• _Aim of the task_:
Retype the line where "오색옥수수는 본래의 씨앗의" appears and each line that follows it down to the last line of the records below. Leave the pictures out.

== Segment start ==

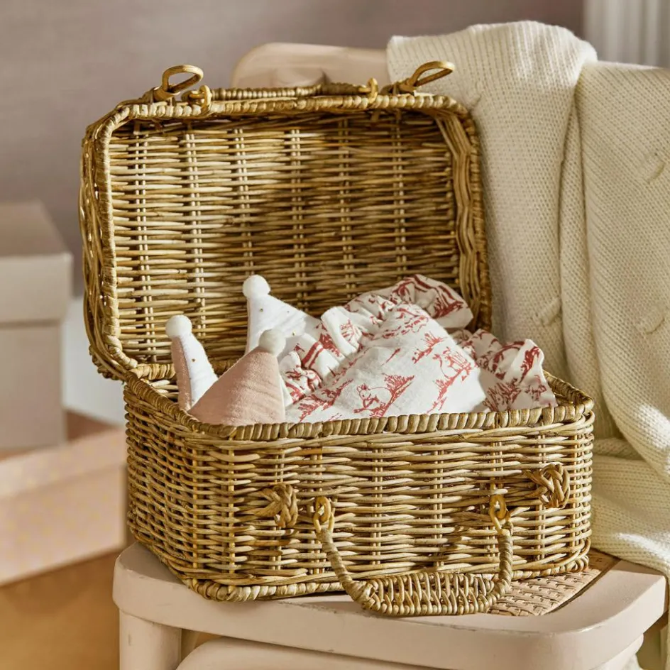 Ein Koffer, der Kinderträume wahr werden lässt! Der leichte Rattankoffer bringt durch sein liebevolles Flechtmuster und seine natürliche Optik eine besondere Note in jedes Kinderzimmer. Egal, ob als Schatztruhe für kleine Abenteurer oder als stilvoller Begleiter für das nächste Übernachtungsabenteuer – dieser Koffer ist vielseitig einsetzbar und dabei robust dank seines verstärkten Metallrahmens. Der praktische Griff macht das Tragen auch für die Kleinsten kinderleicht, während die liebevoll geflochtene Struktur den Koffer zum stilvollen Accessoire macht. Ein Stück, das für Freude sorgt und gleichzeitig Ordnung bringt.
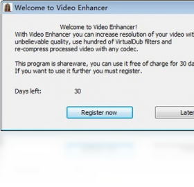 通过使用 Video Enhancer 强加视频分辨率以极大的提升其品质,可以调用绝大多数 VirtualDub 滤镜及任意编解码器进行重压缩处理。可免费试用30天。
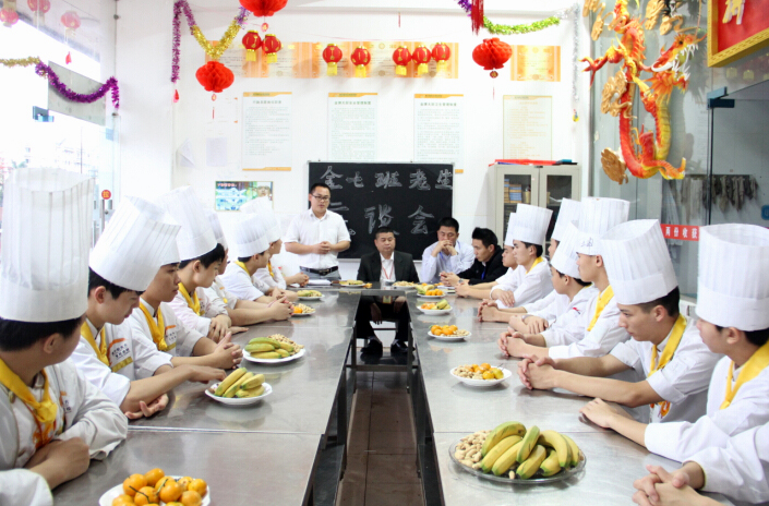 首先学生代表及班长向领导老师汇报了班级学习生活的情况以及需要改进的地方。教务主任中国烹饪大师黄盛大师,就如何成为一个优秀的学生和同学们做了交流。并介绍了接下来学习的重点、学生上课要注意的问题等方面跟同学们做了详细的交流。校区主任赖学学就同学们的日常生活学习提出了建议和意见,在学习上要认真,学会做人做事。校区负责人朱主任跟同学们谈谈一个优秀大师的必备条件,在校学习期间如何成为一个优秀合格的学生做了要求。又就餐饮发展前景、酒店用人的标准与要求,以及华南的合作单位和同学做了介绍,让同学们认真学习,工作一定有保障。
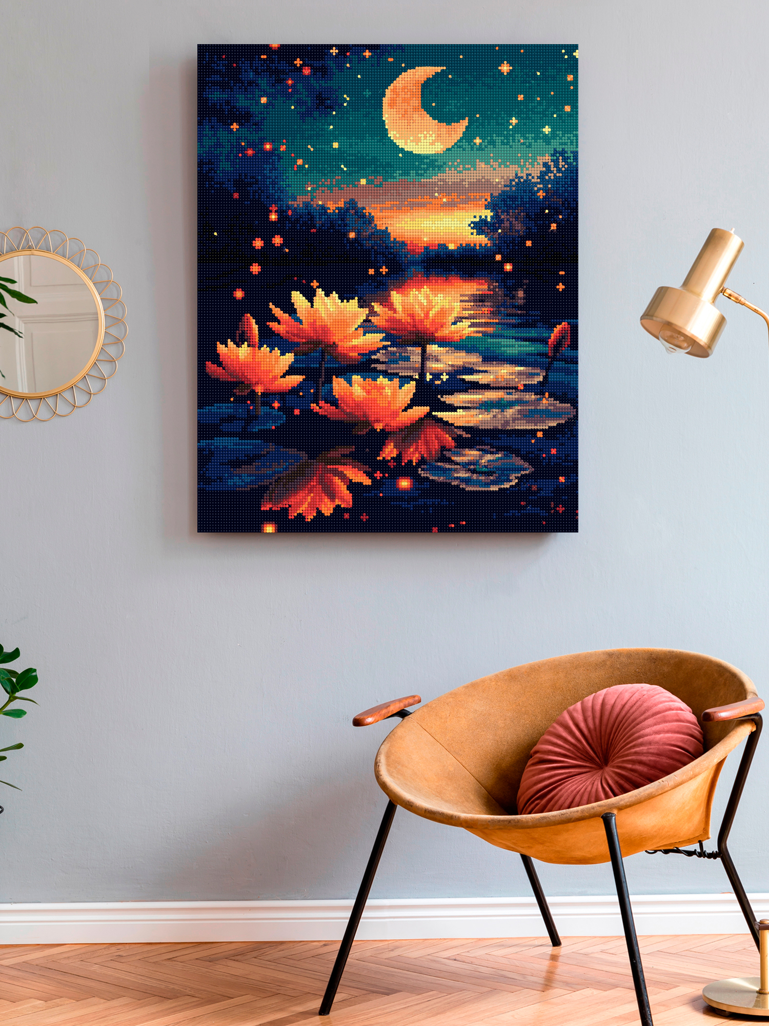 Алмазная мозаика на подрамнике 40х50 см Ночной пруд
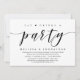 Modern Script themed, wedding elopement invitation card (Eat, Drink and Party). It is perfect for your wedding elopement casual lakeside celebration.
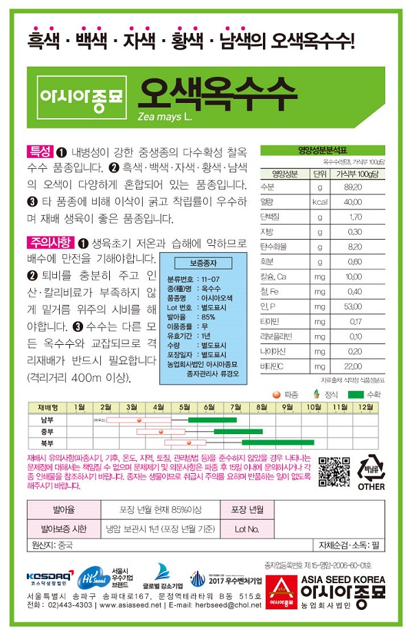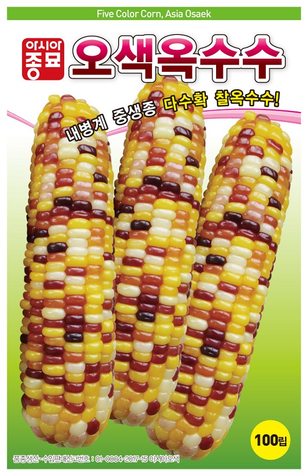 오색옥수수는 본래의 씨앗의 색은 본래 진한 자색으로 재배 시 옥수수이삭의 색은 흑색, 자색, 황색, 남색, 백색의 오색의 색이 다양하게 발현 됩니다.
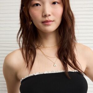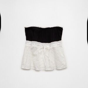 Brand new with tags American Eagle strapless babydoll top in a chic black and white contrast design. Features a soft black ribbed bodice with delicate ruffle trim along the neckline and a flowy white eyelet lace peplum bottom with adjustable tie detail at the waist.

== Segment end ==

• _Your response_:
 오색옥수수는 본래의 씨앗의 색은 본래 진한 자색으로 재배 시 옥수수이삭의 색은 흑색, 자색, 황색, 남색, 백색의 오색의 색이 다양하게 발현 됩니다.
 Brand new with tags American Eagle strapless babydoll top in a chic black and white contrast design. Features a soft black ribbed bodice with delicate ruffle trim along the neckline and a flowy white eyelet lace peplum bottom with adjustable tie detail at the waist.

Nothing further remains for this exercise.